Add UpSet plot function to figure_factory #4204

rickymagner · 2023-05-12T03:52:37Z

This PR is heavily inspired by this one, building on this forum post, which gave a minimal implementation of UpSet plots using the figure_factory. UpSet plots are a more natural way to generalize data represented via Venn diagrams, as they are more scalable and it's easier to see differences in bar sizes rather than circles. This PR builds on code introduced in the other PR, but vastly extends functionality, adds the characteristic "marginal" side plot, and includes "full" documentation.

I know in the previous PR, it was stated resources are limited for figure_factory PRs, so I hope by trying to make this as "complete" as possible, it'll be much easier to get merged. I'd be happy to discuss the code with any reviewers, and try to provide more details on the code below. As this includes both new features and corresponding documentation, I have both checklists here. I greatly appreciate any feedback on trying to get this PR compliant and improving the code.

Documentation PR

Code PR

I have read through the contributing notes and understand the structure of the package. In particular, if my PR modifies code of plotly.graph_objects, my modifications concern the codegen files and not generated files.
I have added tests (if submitting a new feature or correcting a bug) or
modified existing tests.
For a new feature, I have added documentation examples in an existing or
new tutorial notebook (please see the doc checklist as well).
I have added a CHANGELOG entry if fixing/changing/adding anything substantial.
For a new feature or a change in behaviour, I have updated the relevant docstrings in the code to describe the feature or behaviour (please see the doc checklist as well).

Notes on the Code

To make it easier to review, I'll provide a brief description of the code layout. The code is somewhat similar to the create_quiver method in the feature_factory. The main create_upset method creates an instance of the _Upset class using the user inputs.
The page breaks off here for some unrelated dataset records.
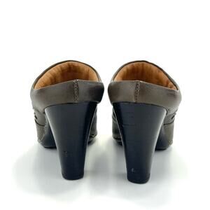 Sofft Soleil High Heel Clog/Mule Size 7.5 Brown/Green Leather Cushioned Studded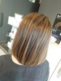 全頭にハイライト、グレージュカラー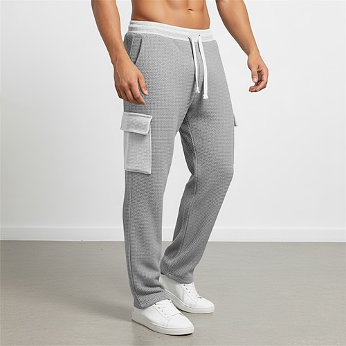 Per uomo Nido d'ape Pantaloni Pantaloni casual Pantaloni della tuta a gamba dritta Pantaloni testurizzati Coulisse Multi-tasche Blocco di colori Comodità Lunghezza intera Quotidiano All'aperto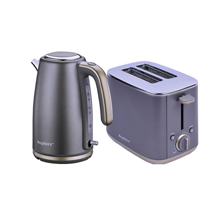 Berghoff Gem Pearl 1.7 Li̇tre Gri̇ Gold Modern Su Isitici + Berghoff Gem Pearl Gri̇ İki̇ Di̇li̇m Ekmek Kizartma Maki̇nesi̇ Set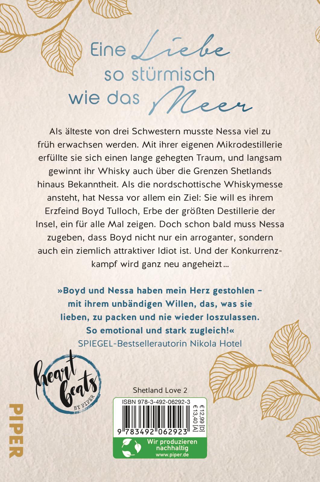 Als älteste von drei Schwestern musste Nessa viel zu früh erwachsen werden. Mit ihrer eigenen Mikrodestillerie erfüllte sie sich endlich einen Traum, und langsam gewinnt ihr Whisky auch über Shetland hinaus Bekanntheit. Als die nordschottische Whiskymesse ansteht, hat sie vor allem ein Ziel: Sie will es ihrem Erzfeind Boyd Tulloch, Erbe der größten Destillerie der Insel, ein für alle Mal zeigen. Doch schon bald muss Nessa zugeben, dass Boyd nicht nur ein arroganter, sondern auch ein ziemlich attraktiver Idiot ist. Und der Konkurrenzkampf wird ganz neu angeheizt.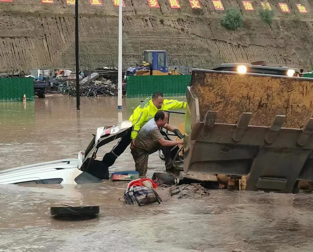7月11日上午,庆阳市环县又遇暴雨倾袭,211国道山城段一处公路被山洪淹没,一辆重型半挂牵引车和一辆小轿车被困洪水中,山城交警中队中队长常睿不顾个人安危,开着铲车冲进洪水中,架起被困车辆安全桥,成功将3名被困人员救出。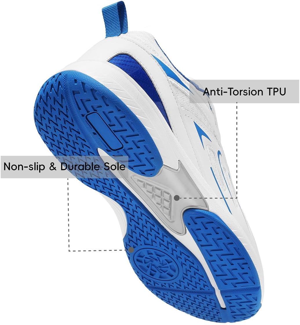 This mens tennis shoe features a breathable mesh design that ensures comfort while keeping feet dry and comfortable at all times—whether during high-intensity competition on hot days or extended daily wear. It serves as both a professional player's court companion and the go-to breathable choice for casual outings, balancing ultimate breathability and moisture-wicking with powerful shock absorption and protection. Every step feels comfortable and energized, delivering professional performance and everyday style! Lightweight construction significantly reduces stuffiness and weight. Responsive rebound delivers swift takeoffs, while landing impacts are cushioned for reduced shock. The wide-foot design ensures comfort during extended workouts or walks, making it suitable for both professional training and everyday versatility. The high-density, wear-resistant rubber outsole features an upgraded herringbone pattern, boosting traction by 50%. It performs flawlessly on hard courts, grass, and synthetic surfaces, delivering slip-free performance in both dry and wet conditions. Its durable construction ensures long-lasting reliability.

Aside from a few utilities for doing some preprocessing, most of the plot generating methods are contained in this class. This structure was used to make it a little easier for the conceptual major steps in generating the plot to freely share data using the class attributes.

The _Upset class performs the following steps:

Validate some user inputs belong to an explicit set of allowable entries (e.g. sort_by is either Counts or Intersections).
Perform some data manipulation to collect the appropriate subset/intersection counts. This includes inferring whether the data was provided in wide or condensed format, and handling the logic for splitting across color and x.
Create the "primary plot" which sits at the top of the final output, typically a bar chart (though the user can modify this choice when considering a distribution of counts over x values).
Add a "switchboard plot" (i.e. a carefully crafted scatter plot) below the primary plot, representing which intersection corresponds to the figure above it.
Add a "marginal plot" on the left, representing the counts of each of the subset/tag categories.
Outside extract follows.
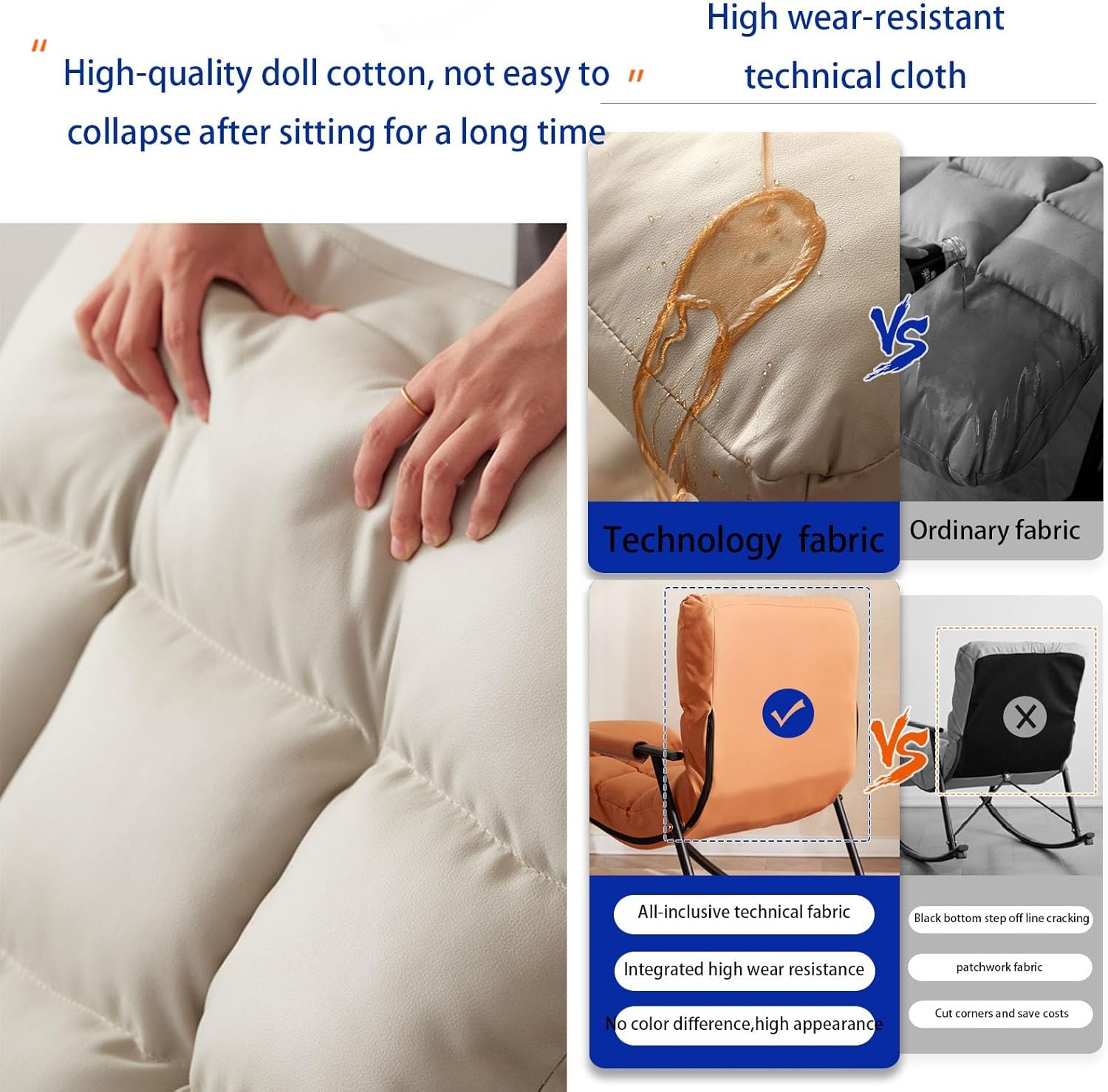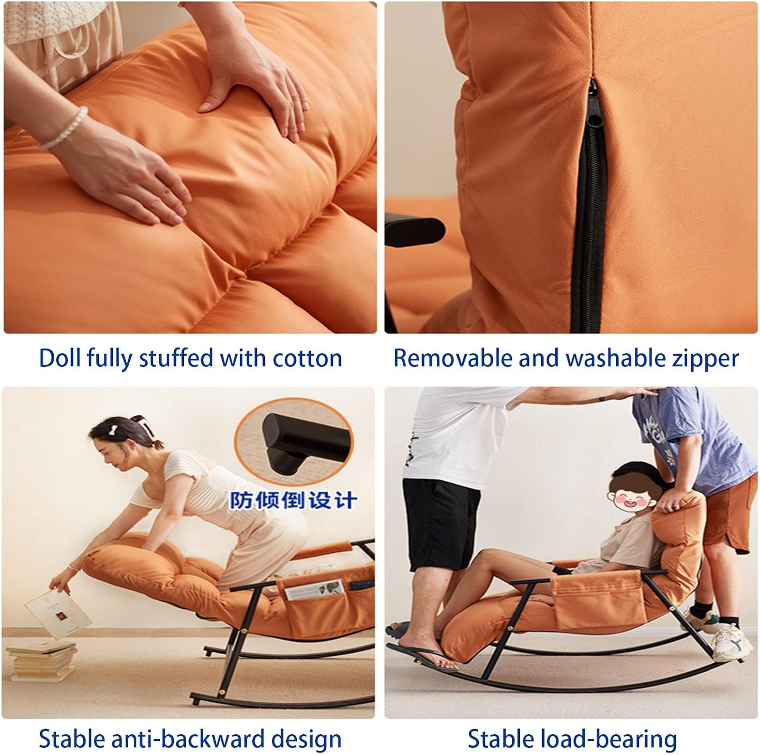 Introducing our Adjustable Rocking Chair, a versatile outdoor patio furniture piece designed for ultimate comfort and relaxation. With six adjustable positions for both the backrest and footrest, this bedroom chair caters to your customized comfort needs. Whether you prefer to sit upright, recline, or even lie flat, our comfy chair adapts effortlessly, making it ideal for reading, napping, or unwinding after a long day.[Name]: rocking chair[Material]: Carbon steel frame + high wear-resistant technical cloth (removable and washable)[Load capacity]: 200kg/440lbs[Color]: orange, yellow, blue, green, white, gray[Can be used as]:lounge chair,chairs for bedrooms,camping chairs for adults,living room chair,outdoor chair,rocking camping chair outdoor,outdoor rocking chairs,comfy chair for bedroom.Durability is key, and our lounge chair is built to withstand the test of time. The high-density carbon steel frame provides an exceptional support system, ensuring stability and strength for individuals weighing up to 200kg/440lbs. Not only does it offer robust support, but it also boasts corrosion and wear resistance, making it suitable for outdoor use.We understand the importance of convenience, which is why our living room chair comes equipped with thoughtful features. Armrest storage bags are included, allowing you to keep essentials like books, magazines, or your phone within arm's reach. Plus, enjoy a noiseless rocking experience thanks to the included dampening stickers. Experience the epitome of comfort and style with our Adjustable Rocking Chair. Whether placed on your patio, in the garden, or even in your living room, it's bound to become your go-to spot for relaxation. Invest in a piece of outdoor furniture that prioritizes your comfort and well-being. Upgrade your lounging experience today!

Any feedback is greatly appreciated!

A Preview

As motivation, here's a nice example plot generated in one line with a well-formatted DataFrame:

ff.create_upset(df, color='color', title='My UpSet Plot')

…modes.

…or subset inclusion.

…ing subsets.

rickymagner · 2023-05-12T15:40:03Z

It seems some tests are failing on older versions of Python because of a (presumably) older version of pandas which doesn't have value_counts for dataframes yet. Is there a way to have tests require certain version of pandas or otherwise ignore those older versions?
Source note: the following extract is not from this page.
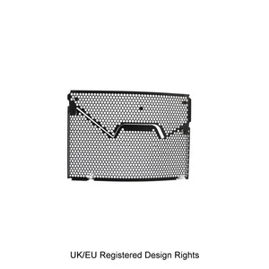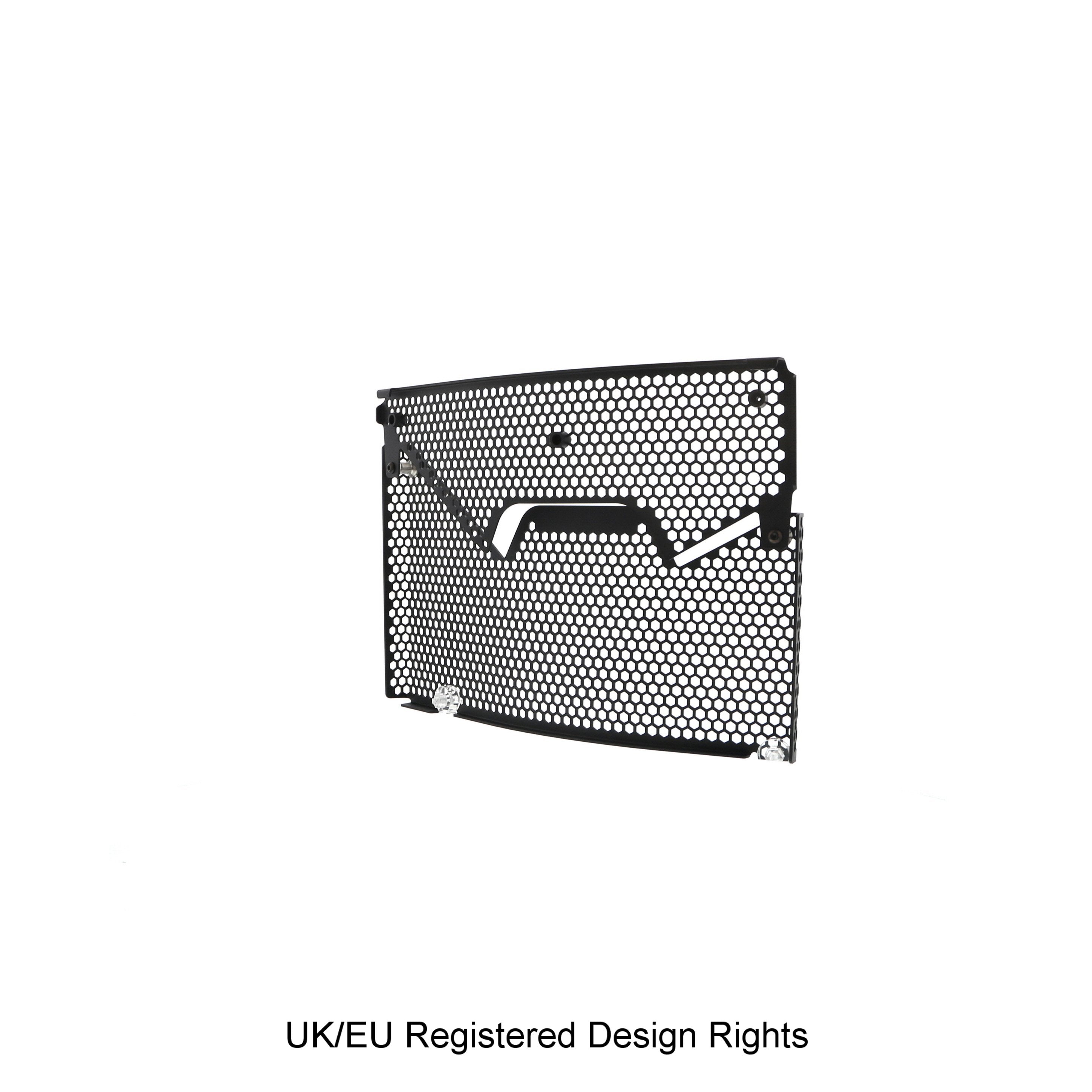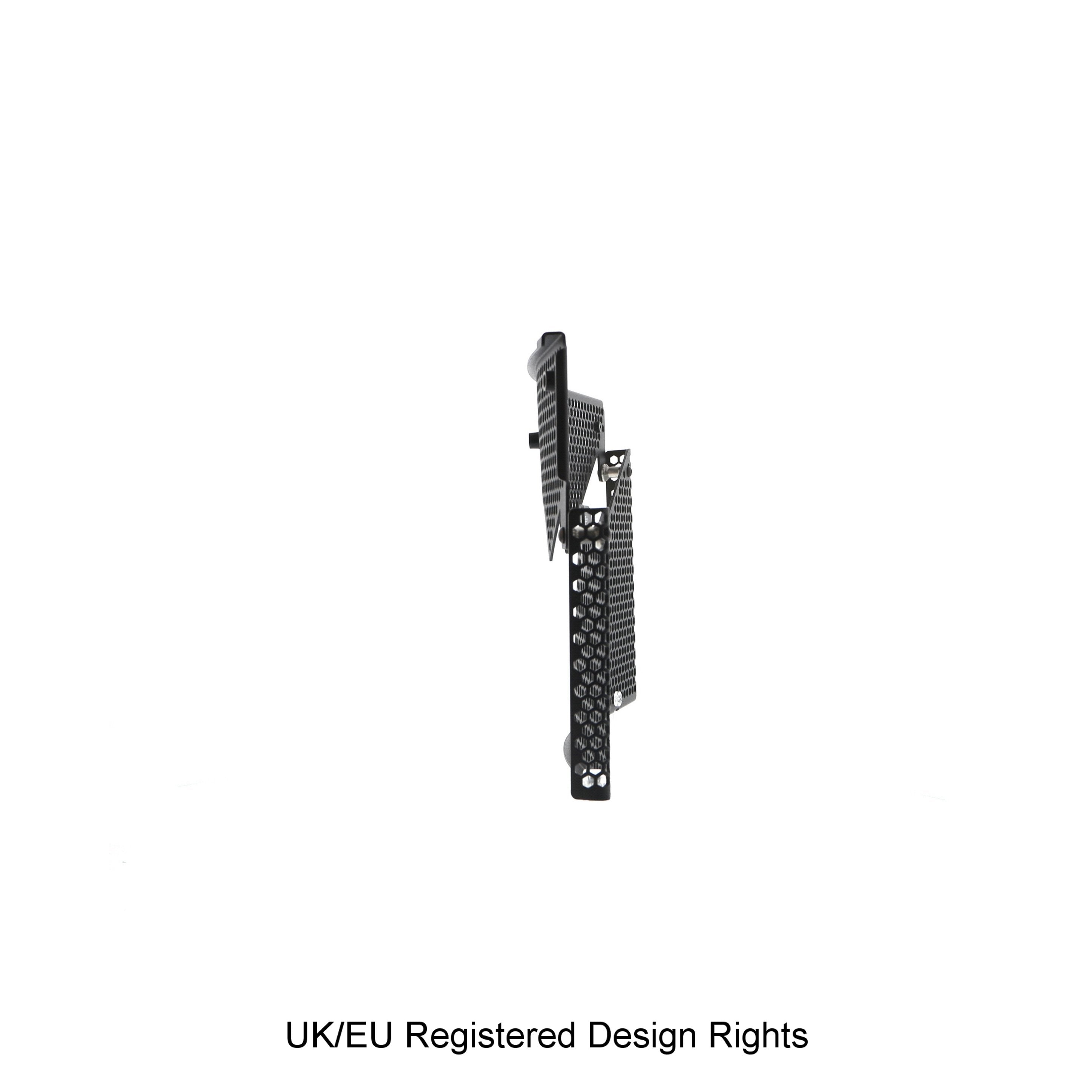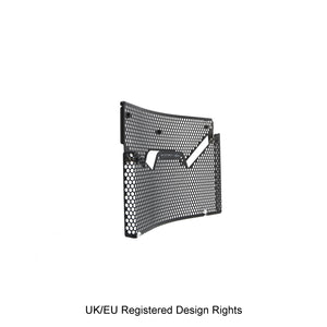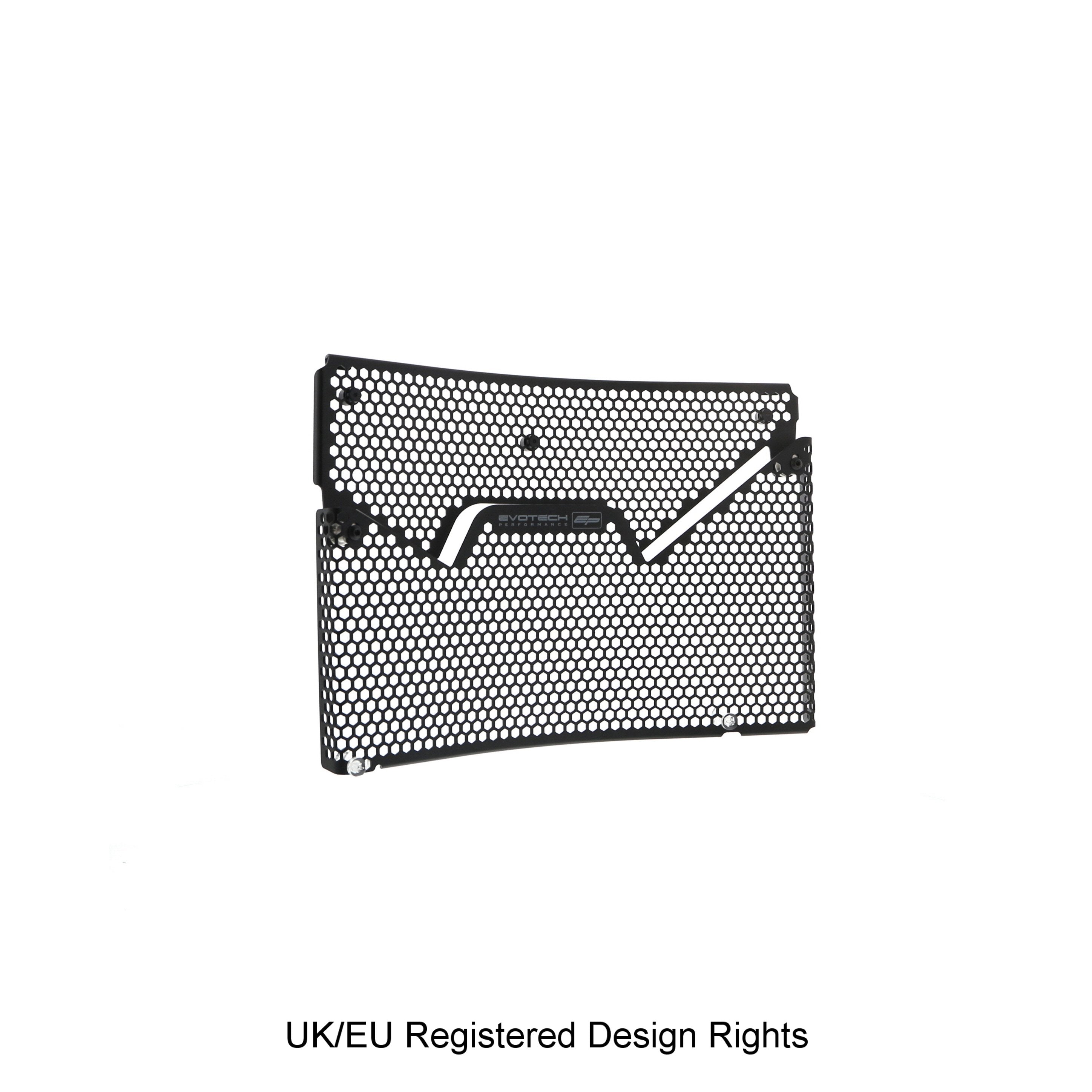 Hexagonal hole pattern to optimise airflow whilst providing maximum protection from road debris.

Also, if anyone has some insight in getting the notebook test to pass, that'd be great. It seems to be currently failing because it doesn't like the permalink attribute. I just copied and modified the notebook attributes from another example.

alexcjohnson · 2023-05-26T13:43:53Z

Thanks for the PR @rickymagner !

re: Pandas: looks like our Python 3.6 and 3.7 "optional" jobs still run against Pandas 0.24:

plotly.py/packages/python/plotly/test_requirements/requirements_36_optional.txt

Line 3 in bb5c2e2

pandas==0.24.2

plotly.py/packages/python/plotly/test_requirements/requirements_37_optional.txt

Line 3 in bb5c2e2

pandas==0.24.2

We do want to be flexible in the pandas versions we support, though 0.24 is pretty ancient. Looks like 1.1.5 is the last version that keeps Python 3.6 support and that's 2.5 years old so I'd be comfortable bumping the version in the above two files to 1.1.5 at this point. Is that new enough to support value_counts? If not, we'll need to include fallback code to mimic value_counts using older methods.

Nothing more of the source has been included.